This week has been pretty busy at school, but I have started putting
together an app for testing purposes, to get myself back into full
Django mode after a few months of schoolwork. I decided to go through
the tutorial and docs another time to solidify my grasp of how things
fit together. I plan choose a ticket to address during the bonding
period sometime within the next week.

Here is my (very slightly revised) proposal:
The problem

There is a wide array of accepted tickets related to HTTP and WSGI
support in Django. While some of them are minor, there are a few
features that require a good deal of consideration, planning, and a
fairly large set of changes to the code, but could add useful features
and performance improvements for Django. There are a few tickets in
particular that could be addressed. These tickets combined represent
the need for additional attention paid to HTTP support in Django.

Improving sendfile support will increase the efficiency of Django's
sending files on some servers. WSGI proxying could allow Django to
wrap other WSGI apps in proxy. These and some other persistent and
controversial tickets need to be resolved to allow further enhancement
of HTTP and WSGI support.

Proposal

Ticket #2131 has received a lot of attention, but the patches
currently attached do not address some larger issues in serving static
files over HttpResponse. So far, the code seems to support only the X-
Sendfile header for efficient file transfer (though the name of the
header is configurable). The task of efficiently transfering static
files needs to take into account the variety of webservers Django is
deployed on, including the possibility that a specialized header for
efficient file transfer is not available. Django needs to have a
framework in place to support as many of these webservers as possible,
and to be able to fall back to a normal (inefficient) method of
transfering static files in the case that there is no efficient method
available.

Ticket #8927 is a feature request to allow proxy running of WSGI apps
from within Django. mod_wsgi maintainer grahamd mentions that its use
should be limited to fairly specific instances, such as to "easily
wrap a separate WSGI application within Django session based login
mechanism." On similar lines, djc says "One other thing where this
came up is with hosting a Mercurial application (push/pull interface)
within Django (that is, same url-space, same authentication/
authorization). That kind of thing would be massively easier if Django
provided some bits to do this kind of thing." This would essentially
allow Django to share some services and authentication with other WSGI
appications. The use-cases mentioned should not be infrequent as
Django use becomes more widespread.

Tickets #6527, #7581, and #2504 deal with issues in HttpResponse. They
all have code but decisions need to be made about how to keep
middleware from interfering with or breaking HttpResponses in certain
instances, and about sending out content via iterators (e.g. what
servers/modules support chunked transfer encoding, how do we handle
those that do not?). These have been on the table for a significant
period of time and it would be good to either finalize the code that
has been created for it or come up with alternative solutions.

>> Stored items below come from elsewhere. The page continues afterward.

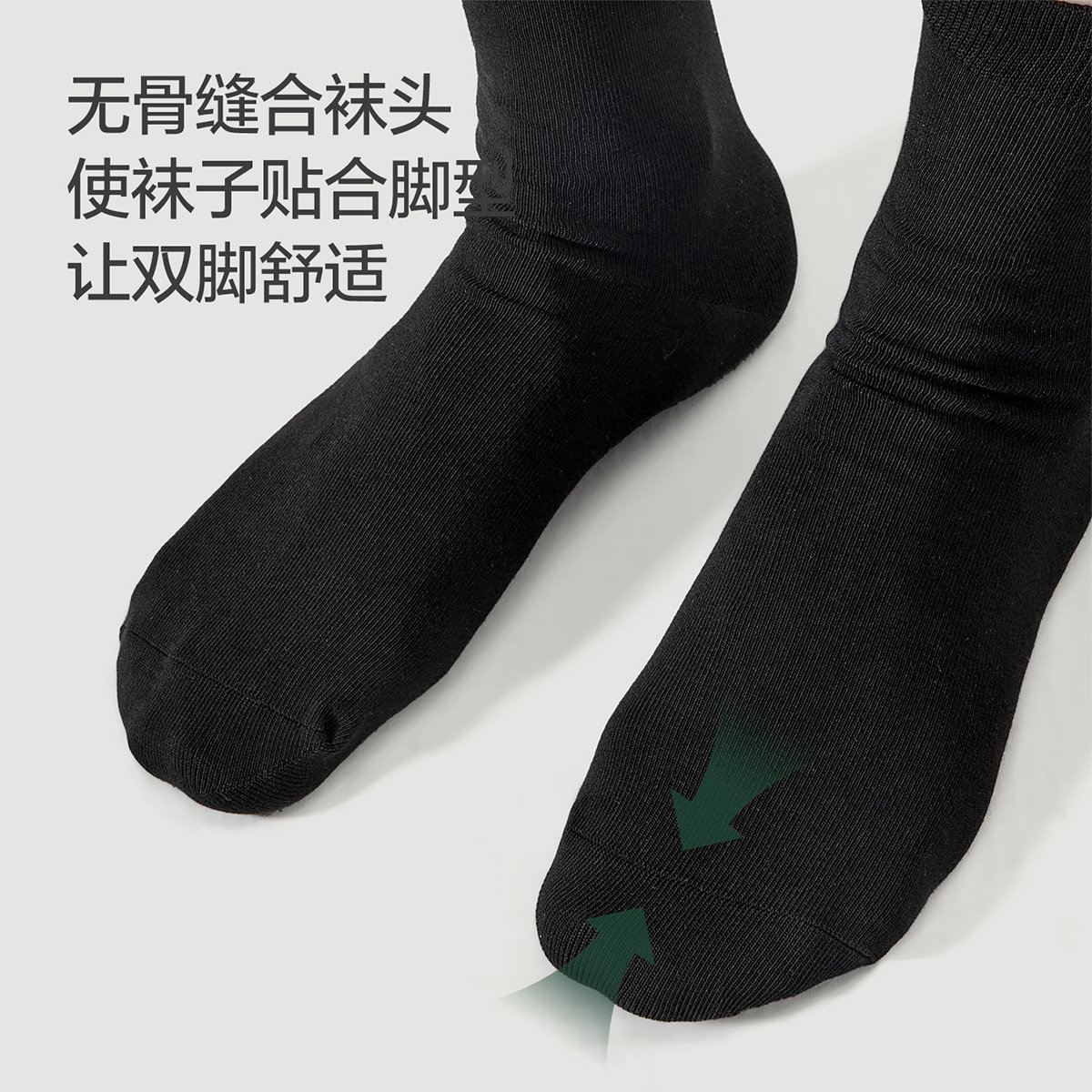 华山泉男袜子秋冬保暖子吸湿排汗长筒螺纹耐磨棉质刺绣商务黑A06C
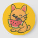 Fyll din yta med glädje med denna bedårande kawaii väggklocka som visar en glad orange katt som mumsar på en skiva vattenmelon 🐱🍉.
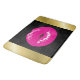 A bath mat with an illustration featuring hot pink lips. Bold and vibrant image. A faux gold gradient border along the sides. Set on a black background.
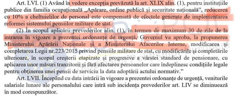 Astfel, potrivit Ordonanţei, ar creşte vârsta de pensionare pentru militari, în sistemul de învăţământ va fi redus sporul pentru doctorat, iar în sistemul sanitar, între altele, va fi introdus un nou sistem de clasificare a spitalelor şi un sistem de salarizare după performanţă.
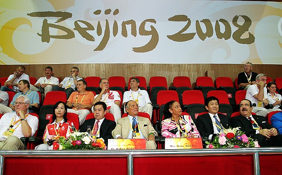 8月12日上午,国际排联主席阿科斯塔携夫人玛露·阿科斯塔来到开云kaiyun官网体育馆观看了男子排球德国队与俄罗斯队的比赛,我校党委副书记副校长、北理工场馆主任杨宾接待了阿科斯塔主席一行。

Many of these tickets are controversial and need further consideration
for design. I plan to gain as full an understanding as possible of
relevant standards, modules, and work already done on these tickets
during the interim period. Concurrently, I will participate in
discussions on django-dev and with relevant parties about factors that
need to be taken into account. Once an acceptable level of consensus
has been reached, I will set about implementing the code and tests for
the tickets mentioned. The goal will be to maintain compatibility with
currently usable webservers and modules while enhancing Django's
capabilities in the areas mentioned above.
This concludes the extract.